This is a Civil Beat podcast and I’m Chad Blair.

Leaders of the Marshall Islands say climate change is the greatest single threat to their existence – one that is increasing migration to the United States. Rising tides, eroding shorelines, powerful storms and fresh water lenses poisoned by salt water may soon make living in the Marshalls -which are just a few feet above sea level – like living in a war zone. And that’s according to the country’s president.

The crisis is real, but sometimes it takes a personal story to fully drive home the consequences of climate change.

Poet, journalist and professor Kathy Jetnil-Kijiner is a young Marshallese mother who never expected to explain the threat her homeland faces to top diplomats at the United Nations in New York.

“Yokwe kom aulip (Marshallese greeting).

My family and I have traveled a long way to be here today. All the way from the Marshall Islands. The Marshall Islands encompasses more than 2 million square kilometers of ocean. Climate change is a challenge that few want to take on. But the price on inaction is so high. Those of us from Oceania are already experiencing it first hand. We’ve seen waves crashing into our homes and our breadfruit trees wither from the salt and drought.” 

“It was terrifying, overwhelming, I couldn’t sleep the whole night before. It’s just another audience, that’s what I kept telling myself you know – don’t think of it as the United Nations.”

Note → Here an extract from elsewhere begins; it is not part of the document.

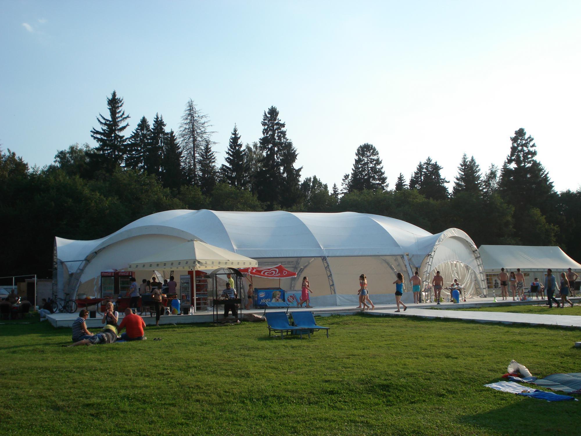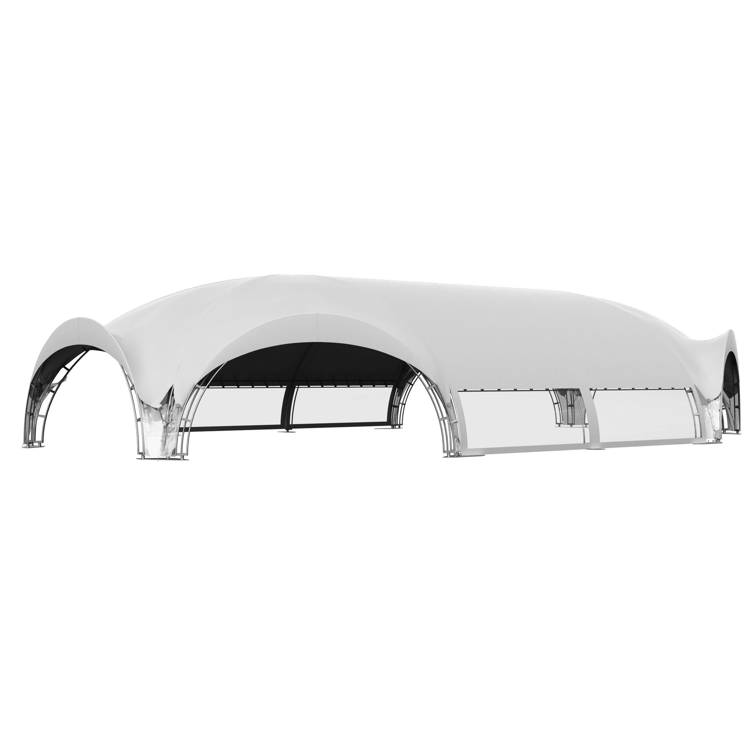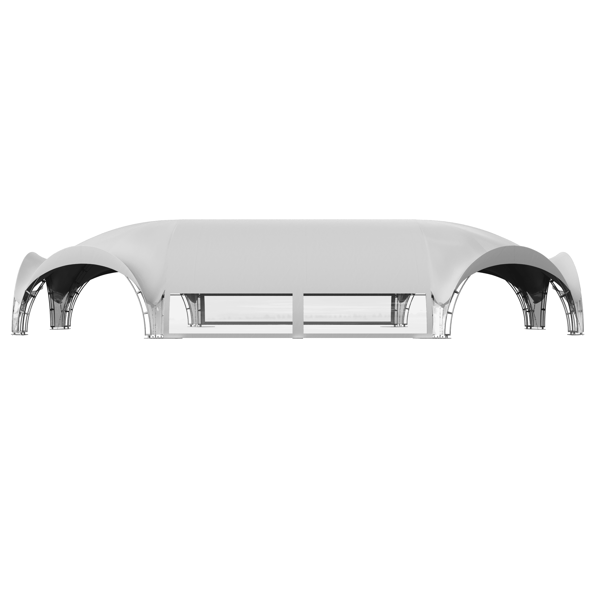 Конструкция TF arka Hexagon 27×20 имеет площадь 460м2. Форма шатра в основании – шестиугольник. Вместимость до 230 человек (банкетной рассадки).

She is from Majuro, in the Marshall Islands out in the middle of the Pacific Ocean, where the highest elevation point is just under 10 feet. When people look for the palpable impact of climate change, they would do well to understand what’s happening in such low-lying islands.

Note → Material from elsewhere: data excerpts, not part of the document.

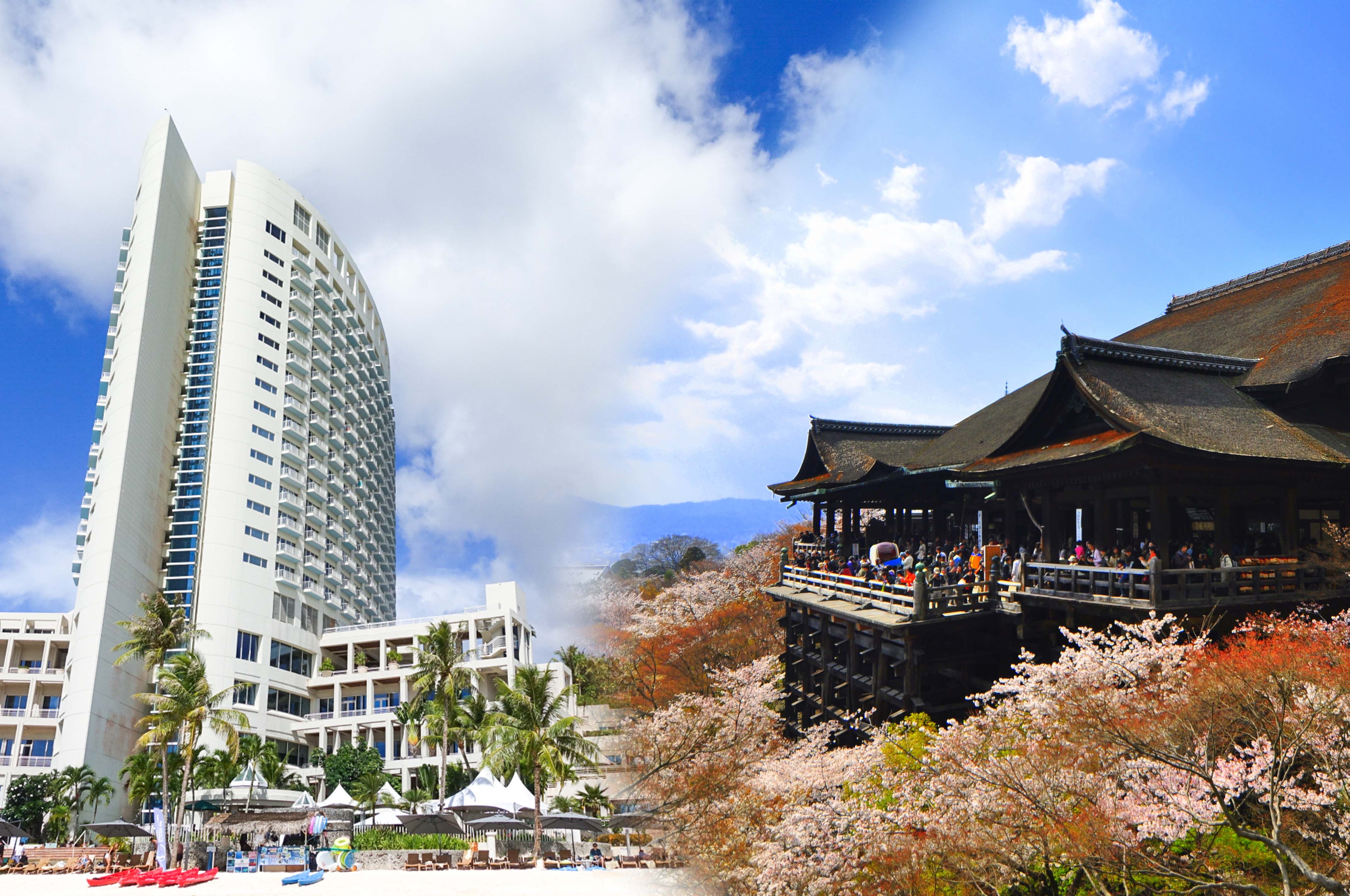[괌의 특급 리조트, 괌 웨스틴(좌)와 일본 나라현의 역사관광지 동대사(우)]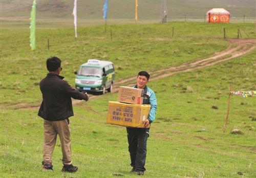 看到郵車來(lái)了,牧民迫不及待地迎上去接過(guò)自己網(wǎng)購(gòu)的商品?!酢豆と巳?qǐng)?bào)》記者 王偉偉 攝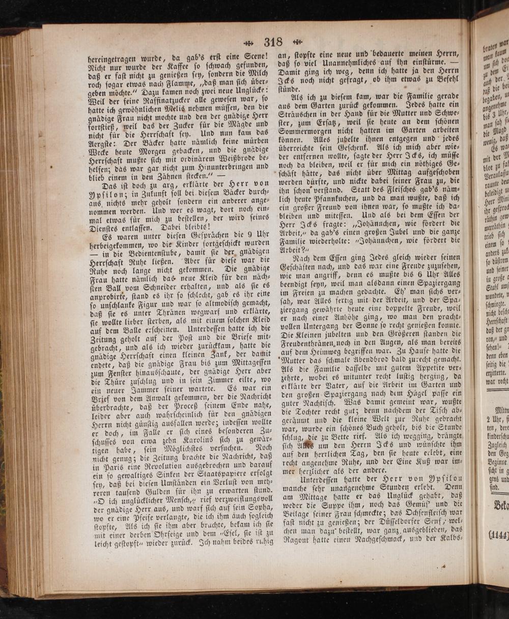 Unterdeſſen hatte der Herr von Ypſilou manche ſehr unangenehme Stunden erlebt. Denn am Mittage hatte er das Unglück gehabt, daß weder die Suppe ihm, noch das Gemüß' und die Beilage ſeiner Frau ſchmeckte; das Ochſenfleiſch war faſt nicht zu genießen; der Duͤſſeldorfer Senf, wel; chen man dazu' beſtellt, war ganz, ausgeblieben, das Ragout hatte einen Nachgeſchmack, und der Kalbs⸗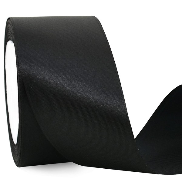 TONIFUL 2 Inch x 25 Yards Wide Black Satin Ribbon Solid Fabric Ribbons Roll for Valentine's Day Crafts Chair Sash Gift Wrapping Invitation Cards Floral Hair Bows Sewing Party Wedding Car Decoration

Jetnil-Kijiner was selected from hundred of candidates, to read a poem that she wrote for her infant daughter, Matafele Peinem.

 

“Dear Matafele Peinem, you are a seven-month old sunrise of gummy smiles / I want to tell you about that lagoon / they say it will gnaw at the shoreline / chew at the roots of your breadfruit trees / gulp down rows of your seawalls / and crunch your island’s shattered bones / they say you, your daughter / and your granddaughter, too / will wander rootless / with only a passport to call home / so just close those eyes and sleep in peace / because we won’t let you down / you’ll see.”

“There was a standing ovation. I didn’t know at the time what a big deal a standing ovation was. I just kind of thought they were being polite. I think the best reactions, my favorite reactions though was the fact that a lot of people came up to tell me about their own children. You know, they came to me and said “Hey, I loved your poem, I have a 3-year-old at home”. They asked to play with my baby and hold her… And it just became less stuffy and it turned into more of a family atmosphere. And I think that’s my favorite reaction out of all of it, was all these diplomats and people with high statuses.” 

And her fight is not over. She will speak out again at the next climate conference starting at the end of November in Paris where she hopes that words can help change the world.

And even if she can’t stand the term she still uses the words “climate refugee.”

“It’s a term that I’ve read a lot of journalists use lately,  you know, that people will be homeless and will have to move to other places because of the climate change and the rising sea waters.

And I actually really hate that term — I really hate the possibility that there’s a new term for what will happen to us as a people.

So that’s why I put it in and I specifically say that there are people who are already climate change refugees – I made a point to name who they are.”

“Mommy promises you / No one’s becoming a climate change refugee / Or should I say, no one else.”